By Wael K. Abdallah, Group CEO, Cambridge Health Group

The GCC healthcare sector is undergoing a transformation unprecedented in its scale, speed and ambition. For those of us working in clinical delivery, the implications are profound. The decisions being made today about investment, infrastructure, and innovation will shape how we practise medicine for the generations to come.

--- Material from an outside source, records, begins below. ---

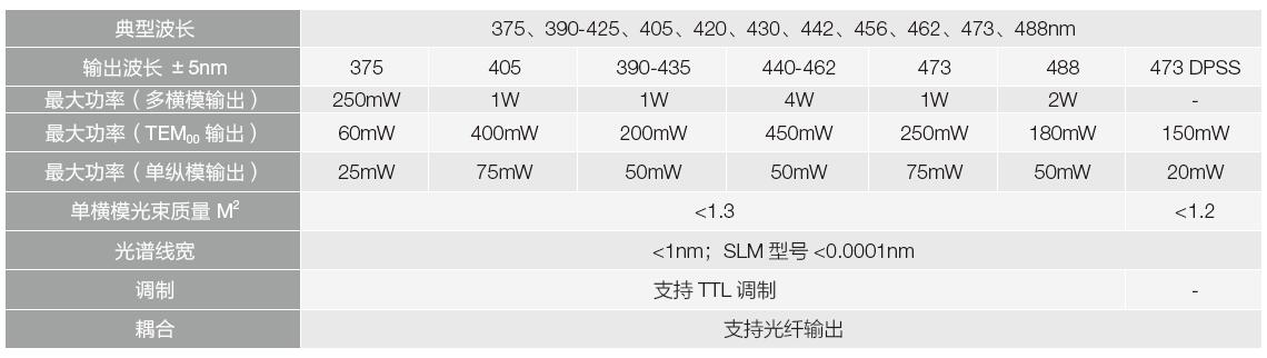 CrystaLaser 提供375 ~ 490nm 的半導體及DPSS 連續輸出激光器: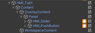 HMI-Tab1 shows how to set up a overlay panel. The game object "Panel" uses the component "VerticalLayoutGroup" to organize the buttons by setting the padding and the spacing in between elements.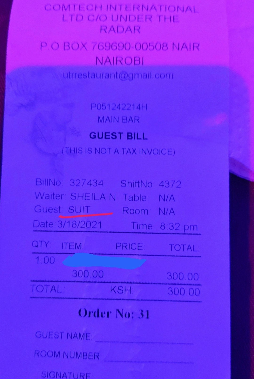 We decided to go support our friend despite having a long & tiring week. It was a good evening, the Karaoke was fun and the crowd was just awesome. When we asked for the bill we realised that the bills have descriptions of the guests, mostly based on the superficiale. It was cool to see that my pal had 'suit' as his description because hey, he was wearing a fine suit. My other pal had his description as 'specs' and we thought, cool. When I looked at my bill, it described me as 'mean'! The shock! I didn't even bother looking at the other bills. I was taken aback because when I talked to the waiter this is how the conversation went; "Hi Sheila, how are you today? Could I please have........." The next time we talked was when I requested her to bring our bill.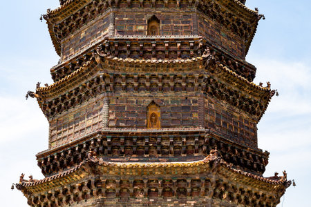 The Iron Pagoda of Kaifeng, Henan, China. Built in 1069 and 57m high, its glazed surface of Iron color features 1600 intricate and richly detailed carvings. Kaifeng is an ancient capital of China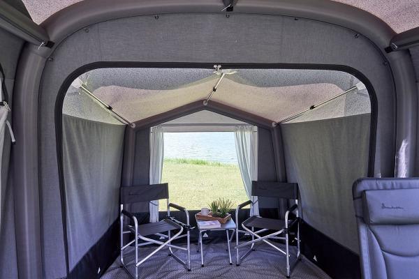 Agrandissez votre auvent Ventura AIR et obtenez de l'espace supplémentaire, que vous souhaitiez un petit coin salon confortable ou un espace de couchage supplémentaire. L'annexe se zippe facilement sur le côté gauche ou droit de l'auvent et s'adapte à tous les modèles Ventura Air. L'annexe est un espace idéal pour une petite table de café et deux chaises. Rideaux inclus.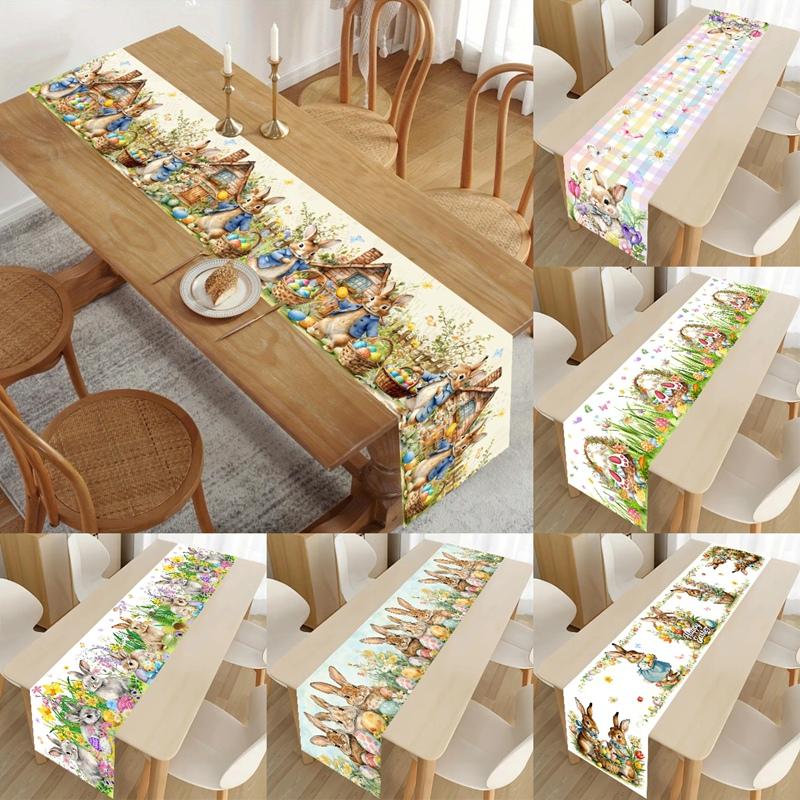 Vintage Osterhase Tischläufer Kaninchen Eier Blume Tischdecke Frühling Osterdekorationen Für Haus Küche Esstisch Dekor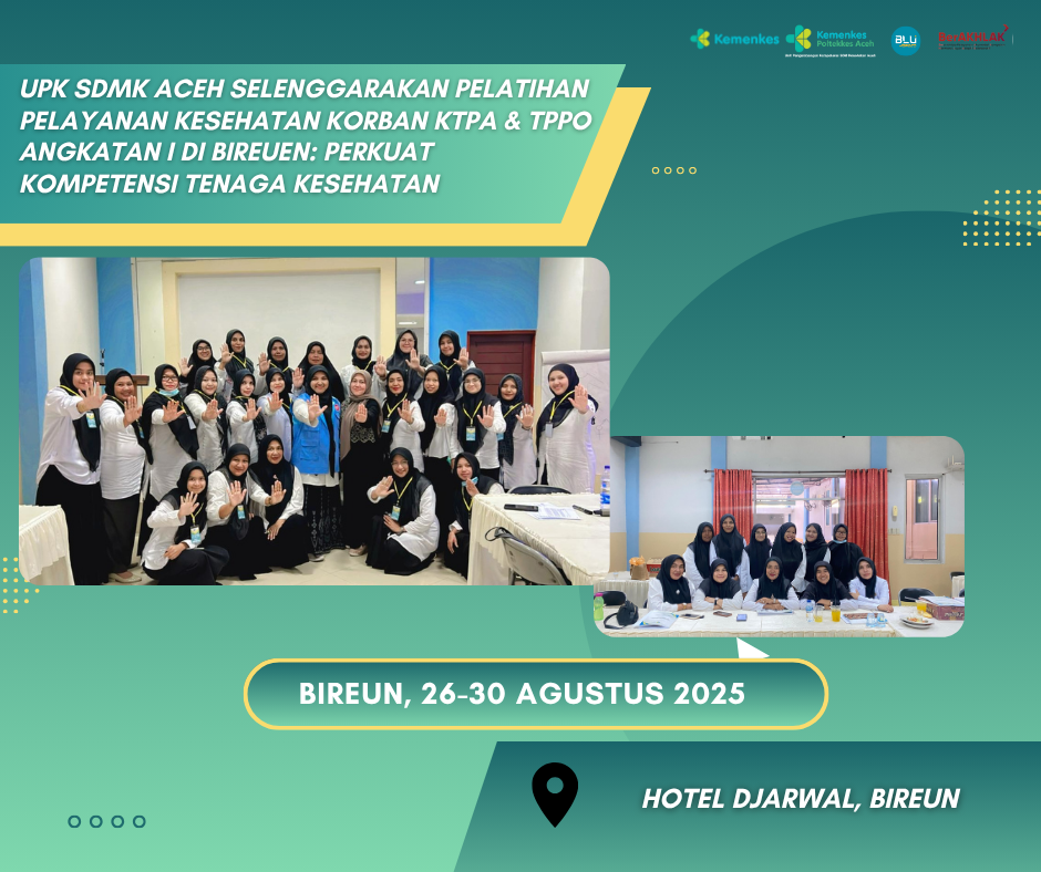 Bireuen, 26–30 Agustus 2025 — Unit Pengembangan Kompetensi Sumber Daya Manusia Kesehatan Aceh (UPK SDMK Aceh) bekerja sama dengan Dinas Kesehatan Kabupaten Bireuen sukses menyelenggarakan Pelatihan Pelayanan Kesehatan bagi Korban Kekerasan Terhadap Perempuan dan Anak (KTPA) serta Tindak Pidana Perdagangan Read More …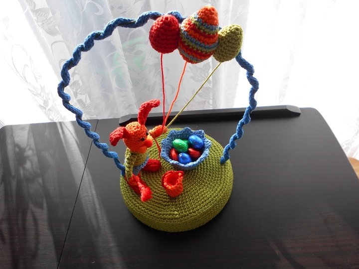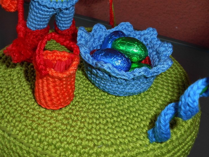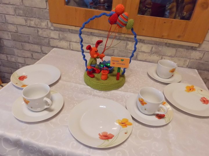 Das Gesamtwek hat eine Höhe von ca. 29cm und oben einen Durchmesser von 22cm. Der Hase hat mit seinen Ohren eine Größe von 14cm und das größte Ei ist 7cm. Der Eimer wird 3,5 cm hoch und die Schale/Korb 3,5cm. Sie hat einen Durchmeser von 7cm und der Eimer 3. Die Wiese hat einen Durchmesser von gut 17cm.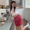 Falda de mezclilla rosa para mujer, verano, nueva moda, versátil, falda corta, cintura alta, falda de cadera

Investment: Capital flowing at scale
The numbers tell a compelling story. According to JLL, nearly 400 healthcare transactions were recorded across the GCC between 2021 and April 2025, with Saudi Arabia and the UAE accounting for almost 92% of this activity.
What distinguishes this investment cycle from previous ones is its breadth. Capital is flowing not only into acute care hospitals but across the entire healthcare value chain: digital health platforms, outpatient services, home healthcare, rehabilitation, long-term care, and pharmaceutical manufacturing. At the Global Health Exhibition in Riyadh this October, over US$33 billion in agreements were announced, a 125% increase over 2024, with significant commitments to hospital infrastructure, life sciences, and healthcare innovation.
Saudi Arabia’s Minister of Health, H.E. Fahad bin Abdulrahman Aljalajel, captured the shift in philosophy: “We have moved from treatment after illness, to prevention before illness, and from investing in pain to investing in hope.” This orientation towards prevention and population health is reshaping how capital is being deployed across the sector.
For clinicians, this investment surge translates into expanded facilities, upgraded equipment, and launch of new service lines. It also means greater competition for talent, as providers compete to attract and retain skilled professionals in an expanding market.
Capacity expansion: Building the infrastructure
Saudi Arabia’s capacity expansion programme is the most ambitious in the region, Vision 2030 targets the privatisation of 290 hospitals and 2,300 primary health centres, with private sector involvement expected to increase from 40% to 65% of healthcare delivery by 2030. The Kingdom allocated SR260 billion ($69.3 billion) to health and social development in 2025, the second-largest share of government spending. The 2026 budget, approved in December 2025, maintains the government’s commitment to healthcare while prioritising spending efficiency across all sectors.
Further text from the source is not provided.